1. The Sullivan Generator
The Sullivan Generator is a conceptual machine by inventor Mark Sullivan. Mark went into the Shark Tank with his patents and drawings and asked for $1 million for 10% equity in his idea, but failed to make the impression he was hoping for. Sullivan claimed his generator, if built, would use the Coriolis effect caused by the Earth’s rotation to create electricity from salt water, or industrial waste water. The water would undergo a desalination process where it is turned to steam. Sullivan says the machine would then create a steam vortex powered by the rotation of the Earth. This controlled hurricane would turn turbines that would produce electricity. Sullivan claims that aside from generating cheap Earth-driven power, the Sullivan Generator would also make clean water as a byproduct, as well as mineral deposits including gold.

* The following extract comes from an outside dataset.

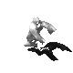 A pixelated, grayscale animated ghoul or ghost creature emerges from shadows, creating a frightening and eerie effect.

Since the concentration of gold in seawater is an estimated 10-30 parts per quadrillion, vast amounts of water would need to be filtered to accumulate a moderate quantity of gold. The ocean is full of many other trace elements and minerals, which would need to be separated in order to extract the gold. The primary byproduct would be an absurd amount of salt. In fact the salt would be worth more than the gold.
2. Ionic Ear
Have you ever used a bluetooth headset? They’re great right? But wouldn’t it be easier to have the device surgically implanted in your skull? Darren Johnson thought it was a good idea when he went into the Shark Tank with the Ionic Ear, a bluetooth device that would be implanted just below your ear. The device would contain a microphone, a speaker, and a battery. When your battery runs low, you simply plug the AC adapter into the charging port which is located conveniently inside your ear. And don’t worry when you want to get an upgrade, all you’ll need is some additional surgery to remove the outdated device and install the new one.

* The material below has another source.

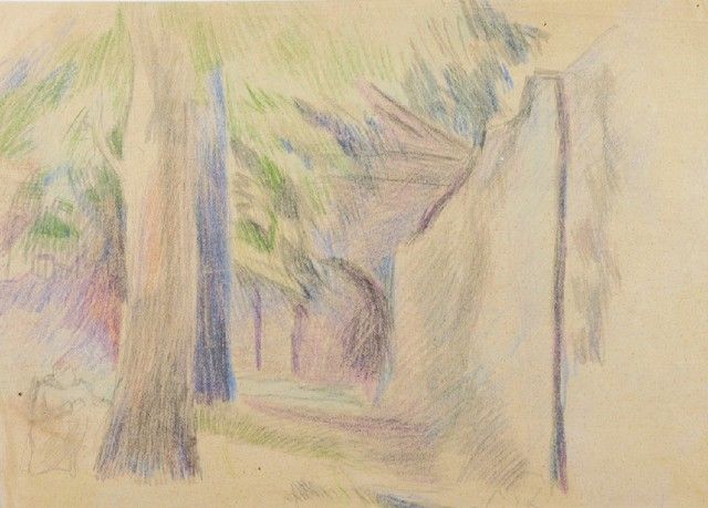 | Drzewa pod starym murem oraz szkic postaci zakonnika | |

Darren went into the Shark Tank asking for $1 million for a 15% stake in his company. The Sharks had a hard time taking this one seriously and they all dropped out as soon as they understood what he was pitching. There is no sign of the Ionic Ear today and no website. He would have needed FDA approval and clinical trials to get the product on the market.
3. Drive Suits
Drew Beaumier came up with his Robot Drive Suits concept in 2009 while working on an entry for a costume contest. It’s a simple idea that any young boy can relate to, the desire to be a real-life Transformer. Since creating his first model, Drew has traveled around the globe performing at events and demonstrating his invention, a robot suit that is a functioning vehicle capable of about 12 mph. You can get a motorcycle, muscle car, sports car, pickup truck, or monster truck suit. While standing up (robot mode) your suit will just make you look insane, but if you want to take things to a suicidal level, just transform yourself into vehicle mode and drive away.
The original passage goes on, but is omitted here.